WORK REQUIRED
Starting at the first line of the records and stopping at the line that contains "- Cuốn sách", transcribe every line exactly and leave out the pictures.

(Data extracted from a collection)
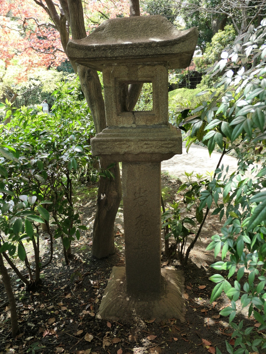 日本庭園の中には、珍しい水琴窟やかつての遊郭「岩亀楼」の石灯篭があります。
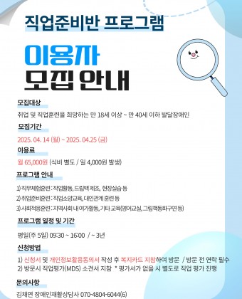 취업 및 직업훈련을 희망하는 만 18세 이상 ~ 만 40세 이하 발달장애인
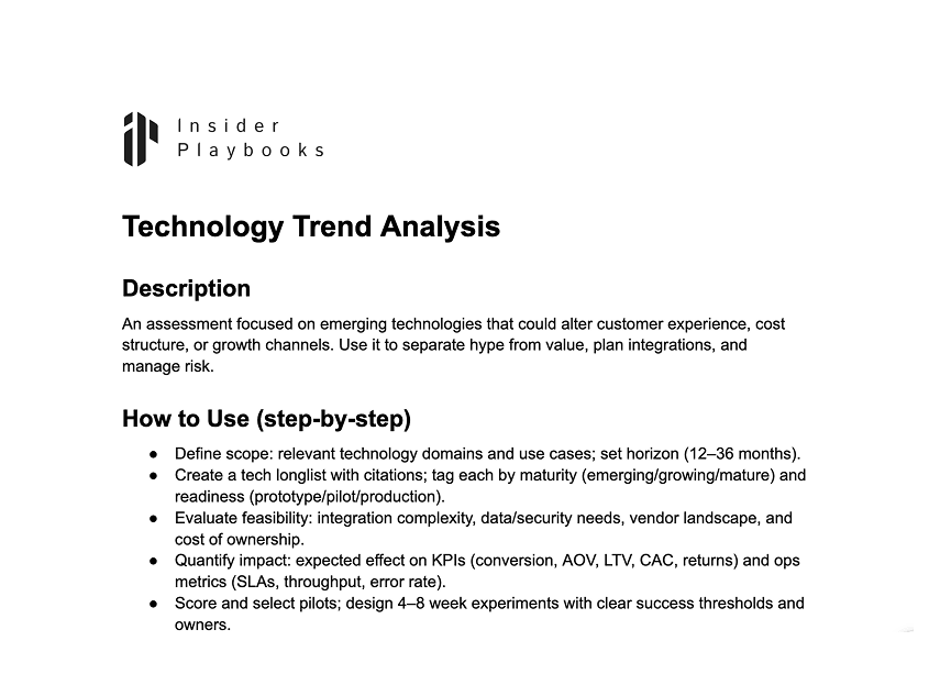 An assessment focused on emerging technologies that could alter customer experience, cost structure, or growth channels. Use it to separate hype from value, plan integrations, and manage risk.
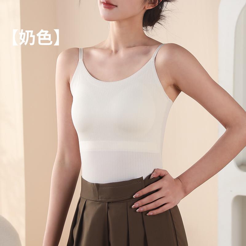 6666 고정컵 아이스 실크 얇은 심리스 뷰티 백 속옷 브라 일체형 얇은 바텀 셔츠
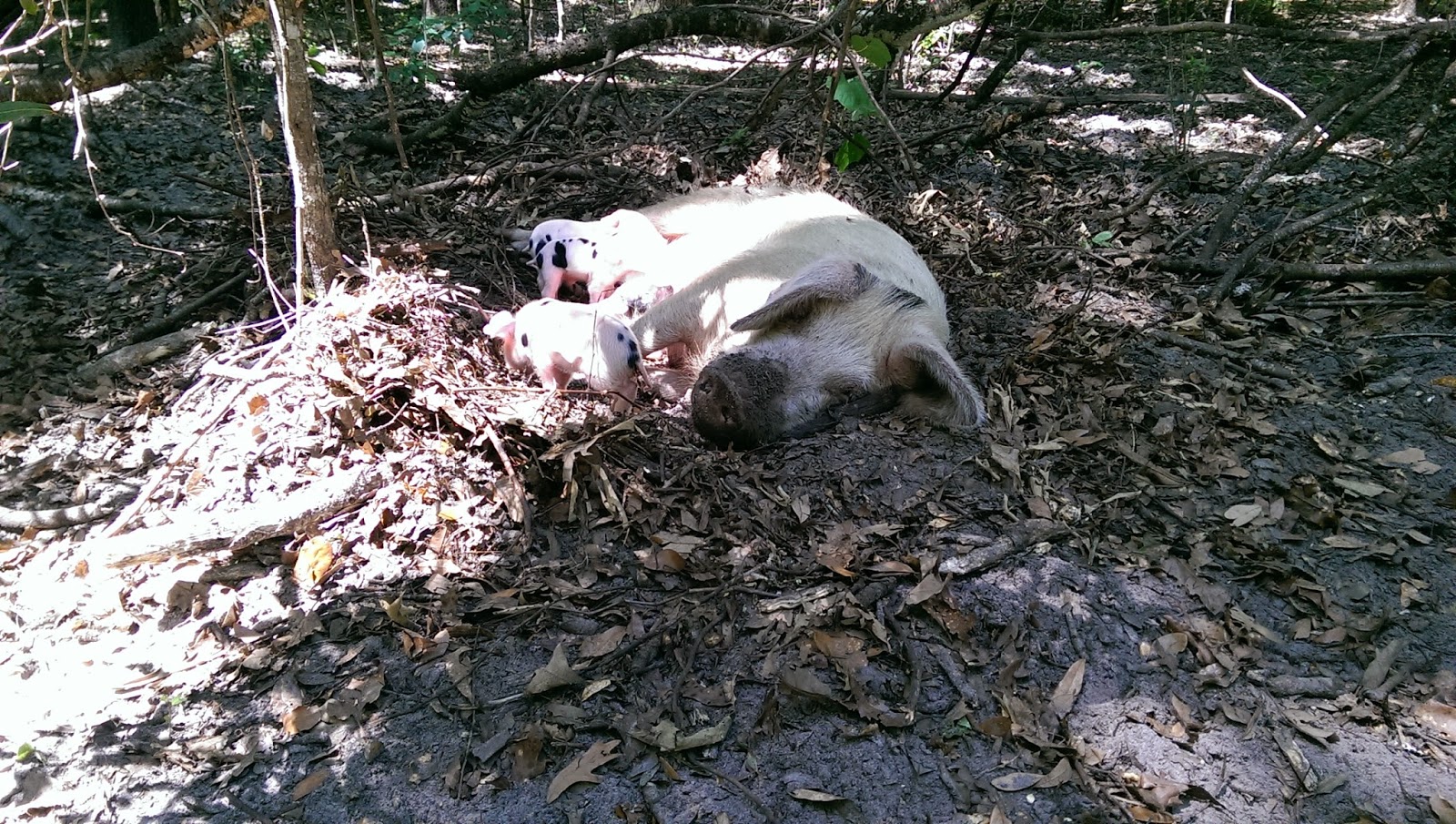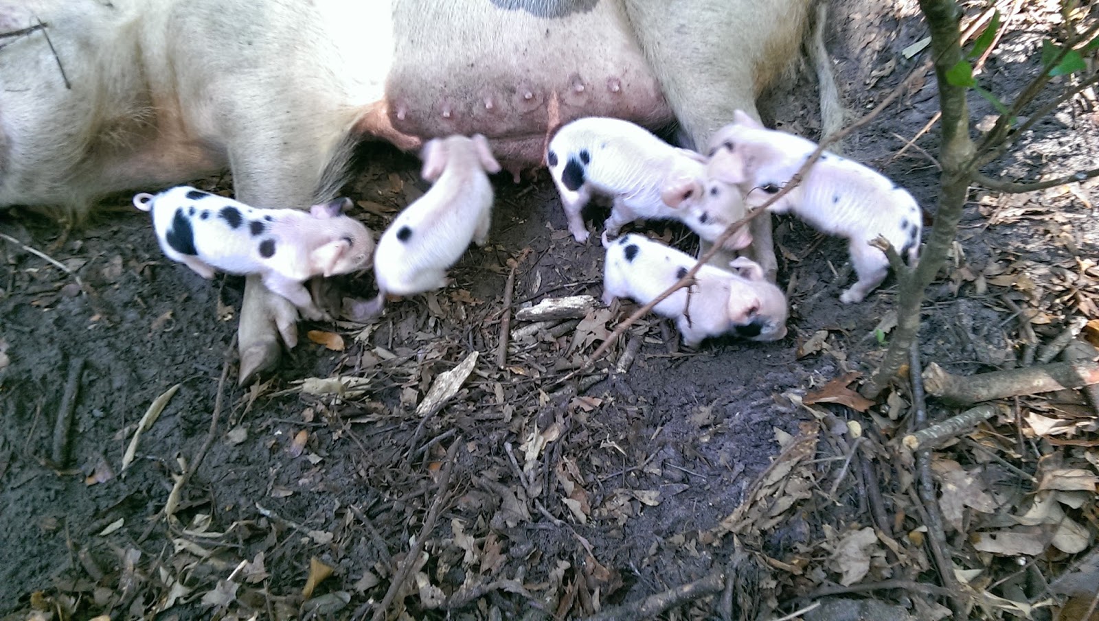 By Saturday morning, four piglets had been born, two girls and two boys. They were nursing and doing well.
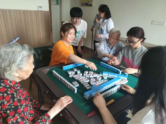 学工助理团“麻将组”“象棋组”在养老院职工的同意情况下,在养老院麻将室陪老人搓麻将,听老人们说,他们常常因为作息时间不同,而凑不齐一张麻将桌四人,“麻将组”的到来正好满足了他们的心愿,大家搓麻将搓得不亦乐乎。“象棋组”和老人们在活动室搭建起棋桌,对弈起来。
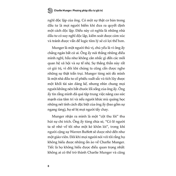 - Cuốn sách “Charlie Munger – Phương Pháp Đầu Tư Giá Trị” của Tren Griffin giới thiệu chiến lược đầu tư thành công của Charlie Munger, phó Chủ tịch Berkshire Hathaway.
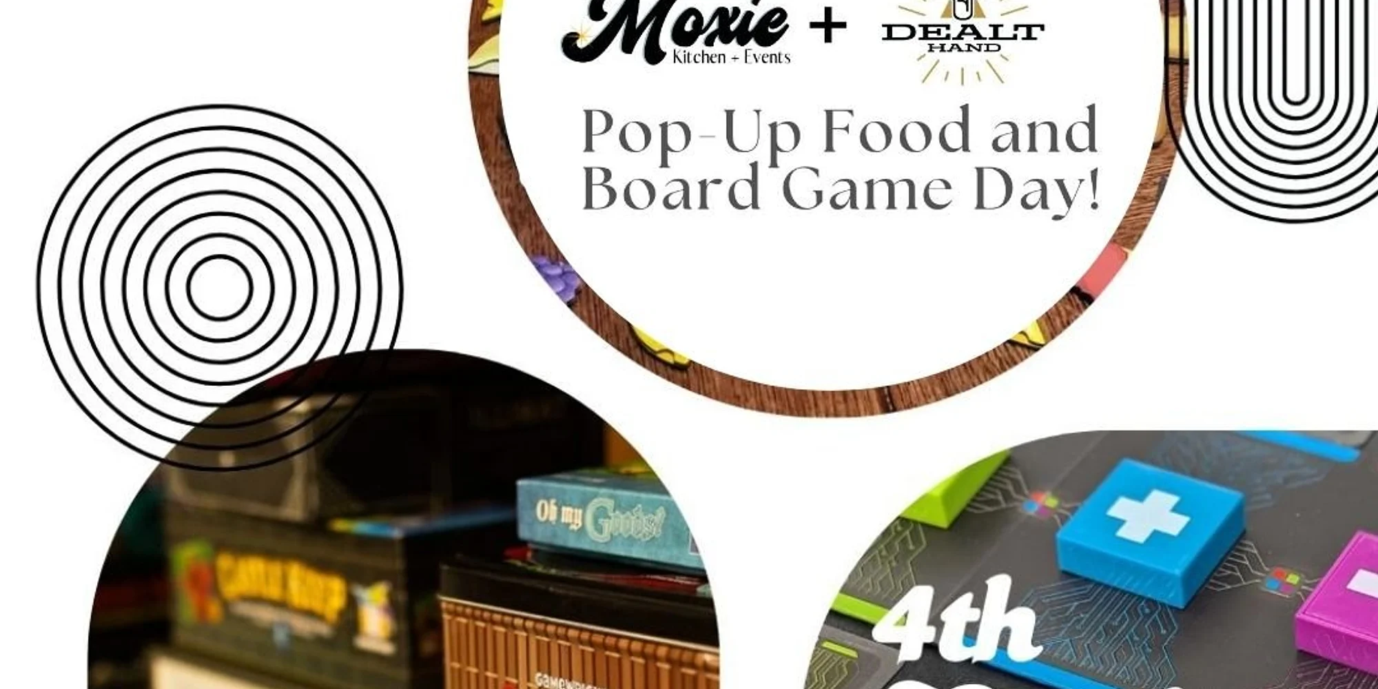 Board Game Pop-up @ Moxie Every 4th Sunday Join us at Moxie Events for a monthly, family friendly food and game day! DSM Pasta Co. will be bringing in a rotating mix of food - we'll update the event as they get locked in! And the Dealt Hand will be on-site for a free game day with a full mix of games for all ages and experiences! They'll be ready to recommend, teach and help you get started in your new favorite game! The Dealt Hand's collection of games is HUGE - so feel free to request games from their full collection
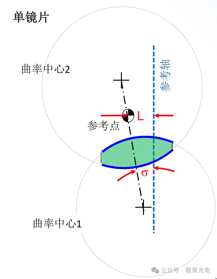 光学中心轴:由透镜两个曲面的球心所定义的直线(即下图黑色虚线)。对于理想透镜,这条线也是光轴,光线沿此轴传播不发生偏折。
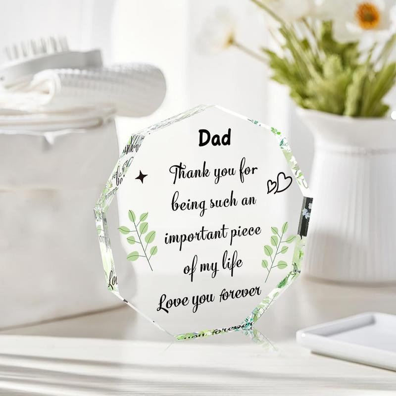Exccelent Service: An ornament engraved with "Dad Thank you for being such an important of my life. Love you forever" makes a daddy gift. The ornament is packaged in a box to protect dad gifts from being easily damaged in transit. If there is any question about our fathers gifts, we will try our to solve it for you. cool gifts for dad gifts for fathers day, cool gifts for dads, happy fathers day.
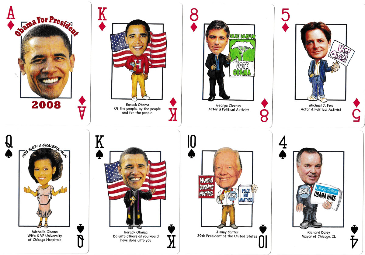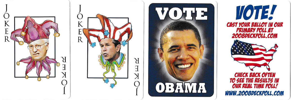 Above: Obama Presidential playing cards by Parody Productions LLC of Cincinnati, Ohio, 2007.
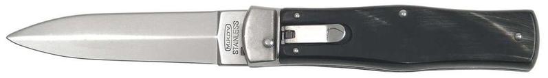 Automatikus kiugrókés a Mikovtól. Pengéje 420 acélból készült. A markolat bivaly agancsból készült. Egy kézzel is könnyen nyitható. A termék egy bőrtokkal járul.
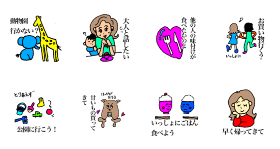 子育て中ママはもちろん、家族で使えるスタンプです
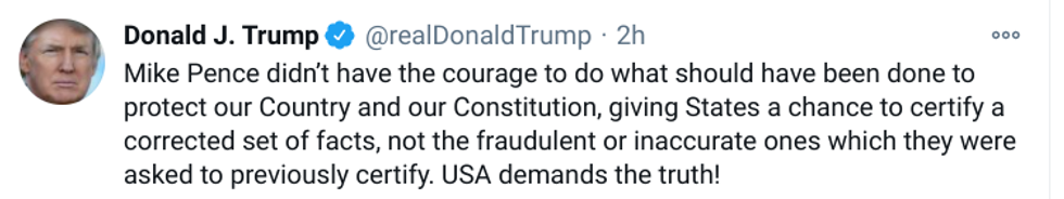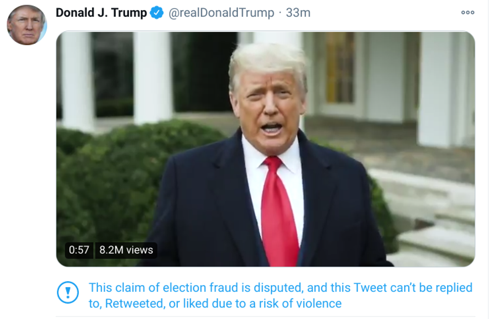 Before returning to post a video filled with the same lies and rhetoric which motivated his supporters to protest.
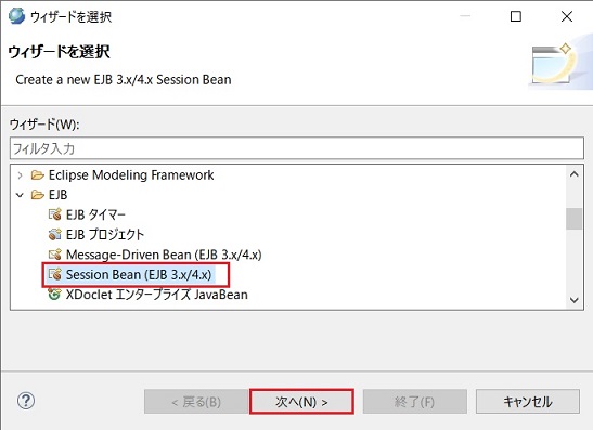 EJB > セッション Bean(EJB 3.x/4.x) を選択して、次へ をクリックします。
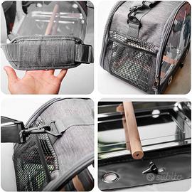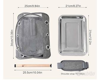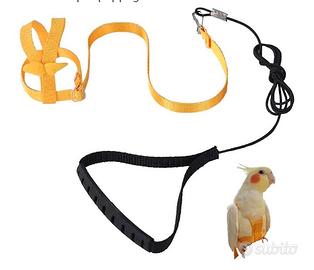 Trasportino con asta di legno e vassoio in acciaio inox, portatile, con tracolla regolabile per piccoli pappagalli, perfetta per calopsite, e piccoli animali, colore grigio. Pettorina di colore giallo. Mai usati. Solo ritiro a mano. Non spedisco

SOLUTION FOR THIS PROBLEM
 日本庭園の中には、珍しい水琴窟やかつての遊郭「岩亀楼」の石灯篭があります。
 취업 및 직업훈련을 희망하는 만 18세 이상 ~ 만 40세 이하 발달장애인
 An assessment focused on emerging technologies that could alter customer experience, cost structure, or growth channels. Use it to separate hype from value, plan integrations, and manage risk.
 6666 고정컵 아이스 실크 얇은 심리스 뷰티 백 속옷 브라 일체형 얇은 바텀 셔츠
 By Saturday morning, four piglets had been born, two girls and two boys. They were nursing and doing well.
 学工助理团“麻将组”“象棋组”在养老院职工的同意情况下,在养老院麻将室陪老人搓麻将,听老人们说,他们常常因为作息时间不同,而凑不齐一张麻将桌四人,“麻将组”的到来正好满足了他们的心愿,大家搓麻将搓得不亦乐乎。“象棋组”和老人们在活动室搭建起棋桌,对弈起来。
 - Cuốn sách “Charlie Munger – Phương Pháp Đầu Tư Giá Trị” của Tren Griffin giới thiệu chiến lược đầu tư thành công của Charlie Munger, phó Chủ tịch Berkshire Hathaway.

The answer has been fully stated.